LLaDA-M series: Large Language Diffusion on Apple Silicon

A clean-room implementation of Large Language Diffusion Models (LLaDA) based on the 2025 paper (arXiv:2502.09992). This project demonstrates a shift from standard Autoregressive (GPT-style) text generation to Masked Diffusion, built from scratch using PyTorch and optimized for Apple Silicon (M*series) hardware.

The Concept: Text as Diffusion

Unlike GPT-4 or Llama, which generate text left-to-right (Autoregressive), this model generates the entire sentence simultaneously. It treats text generation as a denoising process:

Start: A sequence of pure noise (100% masked tokens).
Process: Iteratively predict and unmask tokens based on confidence scores.
End: A fully formed sentence.

Simplified Logic

While BERT masks tokens once to predict them (1-step), LLaDA performs this iteratively (multi-step), effectively clearing the "fog" from the text.
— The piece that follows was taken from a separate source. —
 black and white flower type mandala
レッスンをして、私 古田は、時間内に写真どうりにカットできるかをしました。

x = full_mask()                 # Start with [MASK, MASK, MASK...]
for step in steps:
    prediction = model(x)       # Guess missing tokens
    x = update_mask(prediction) # Lock in high-confidence tokens
return x                        # Final sentence

Experiment 1: Proof of Concept (Overfitting Hamlet)

To validate the diffusion mathematics and the custom sampler, I trained the model to overfit on a specific passage (Hamlet). This confirmed that the Confidence-Based Re-masking schedule was functioning correctly.
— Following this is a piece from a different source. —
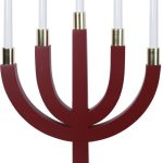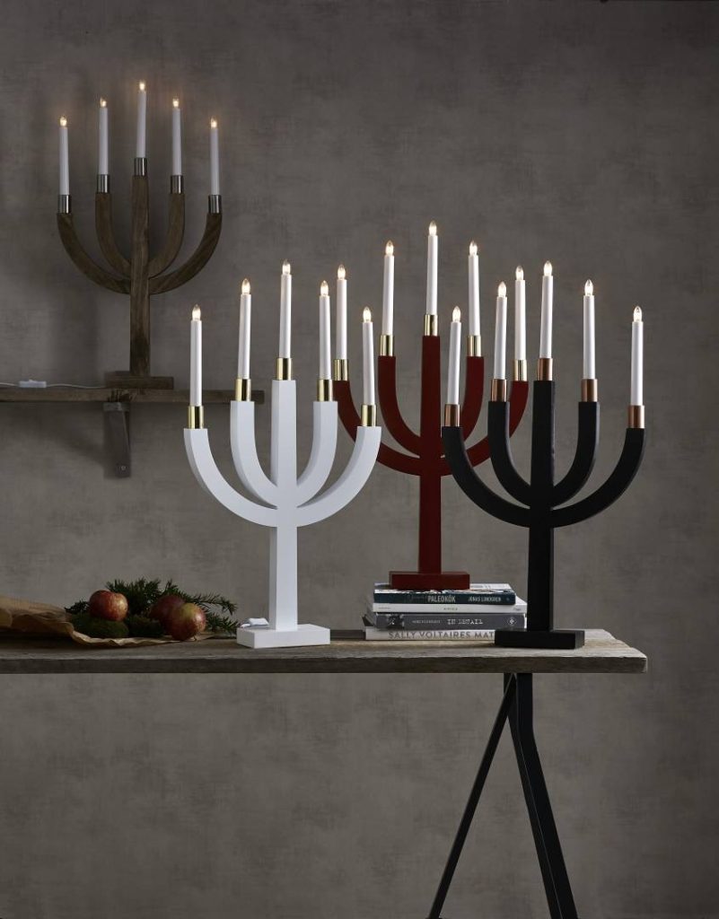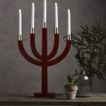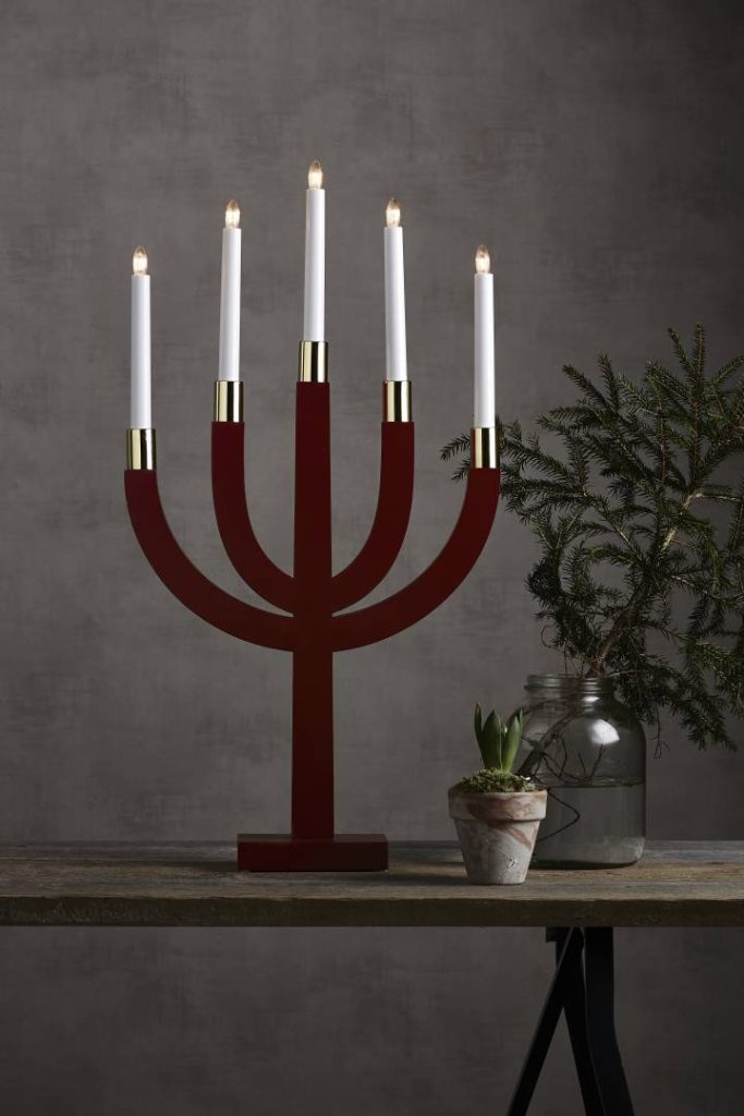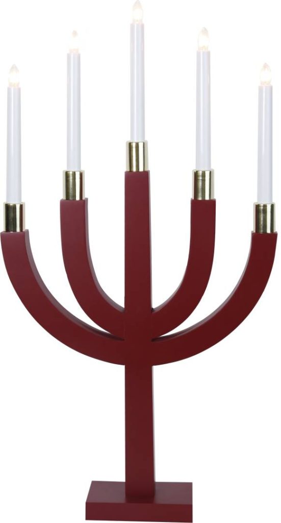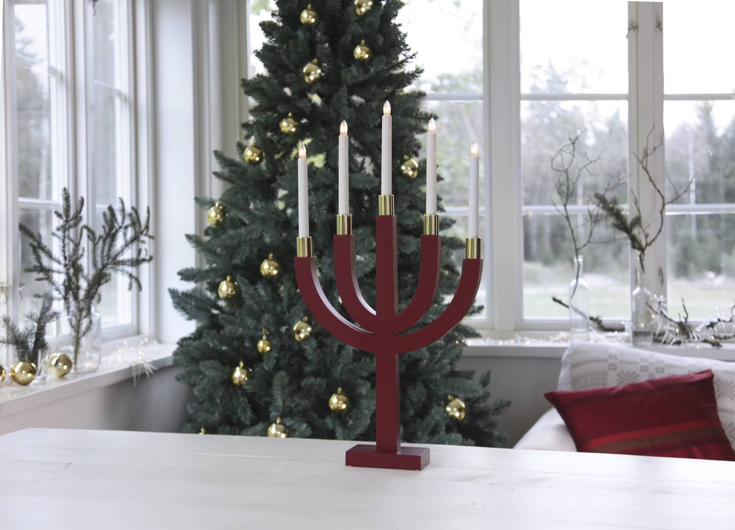 Puinen kynttelikkö, jossa 5 vaihdettavaa E10-kantaista lamppua ja messingin väriset yksityiskohdat.

The Run: The model starts with uniform noise. By Step 8, the structure emerges. By Step 11, the text is perfect.

Step  | Text
------------------------------------------------------------
0     | ....................................................
2     | .. ... .. ... .. ... .... .. ... ................. .
4     | .o .e. .r ..t t...e. t... .s t.e ....t.o.....e..e...
8     | To be, or not to be, t.at is the ..estion...hether .
11    | To be, or not to be, that is the question:
------------------------------------------------------------

Technical Insight: Initially, the model suffered from "Uniform Noise Collapse" (= model outputs a flat distribution over vocab → learns nothing → generates noise) at t=0, outputting identical tokens for every position. I resolved this by implementing Learnable Positional Embeddings, giving the model spatial awareness even when the input was 100% masked.

Experiment 2: Generalization (TinyShakespeare)
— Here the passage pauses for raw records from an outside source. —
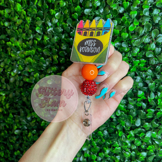 Personalized Teacher Badge Reel: Glittered Acrylic ID Holder
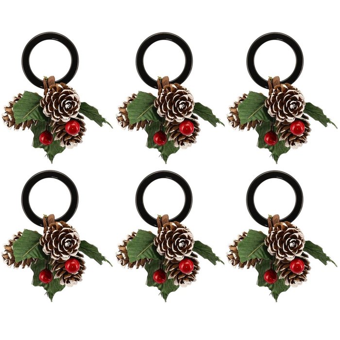 Kit 6 Argolas Decoradas Porta Guardanapo Natalino Pinhas e Berries - Magizi
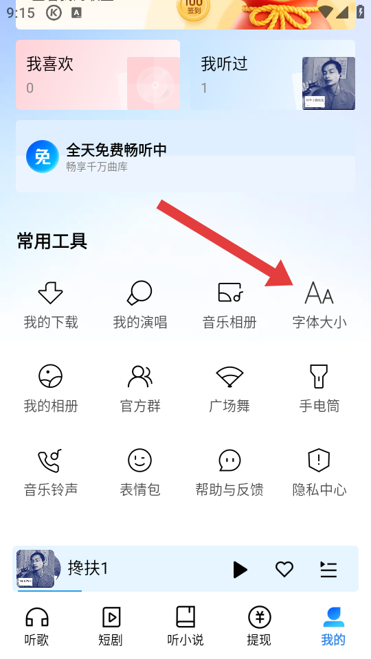 2、在个人页面的常用工具区域,点击字体大小,进入字体大小选择界面。

I scaled the architecture to train on the full TinyShakespeare dataset to test character-level generalization capabilities on consumer hardware.

Configuration:

Context: 64 tokens
Model: Bidirectional Transformer Encoder (128 d_model, 4 layers)
Hardware: MacBook Air M4 (MPS Backend)

Training Logs:

Epoch 1 Average Loss: 3.3432 (Random characters)
Epoch 3 Average Loss: 2.8639
Epoch 5 Average Loss: 2.5793 (English morphology emerging)
...
Extra Epoch 10 Loss: 2.5386 (Convergence Wall)

Result: At a loss of ~2.54, the model reached the "Baby Talk" phase. It successfully learned English vocabulary and morphology but lacked syntactic coherence due to limited model capacity and training time.

Output:

"he the the the catne... the home the be you tou home come the he t"

Experiment 3: Supervised Fine-Tuning (SFT) & Transfer Learning

Using the pre-trained weights from Experiment 2, I implemented Instruction Tuning (Figure 2b from the LLaDA paper). Method: Unlike standard diffusion, SFT requires preserving the Prompt while diffusing the Response. I implemented a custom masking strategy that sets the mask probability of prompt tokens to 0.

The "Thinking" Process (Chatbot Demo): The model simultaneously determines the subject and object, filling in the connecting verbs last.

User: Where is the king?
--------------------------------------------------
Step  | Thinking Process
--------------------------------------------------
0     | ............................
5     | The ........................
7     | The k.......................
10    | The kin.....................
11    | The king is in the cast.....
12    | The king is in the castle ..
--------------------------------------------------
Final | The king is in the castle

Technical Implementation Details

1. Architecture

I used a Bidirectional Transformer Encoder. Unlike GPT's Decoder (which uses a causal mask to hide future tokens), this architecture allows the model to attend to both left and right contexts during the denoising process.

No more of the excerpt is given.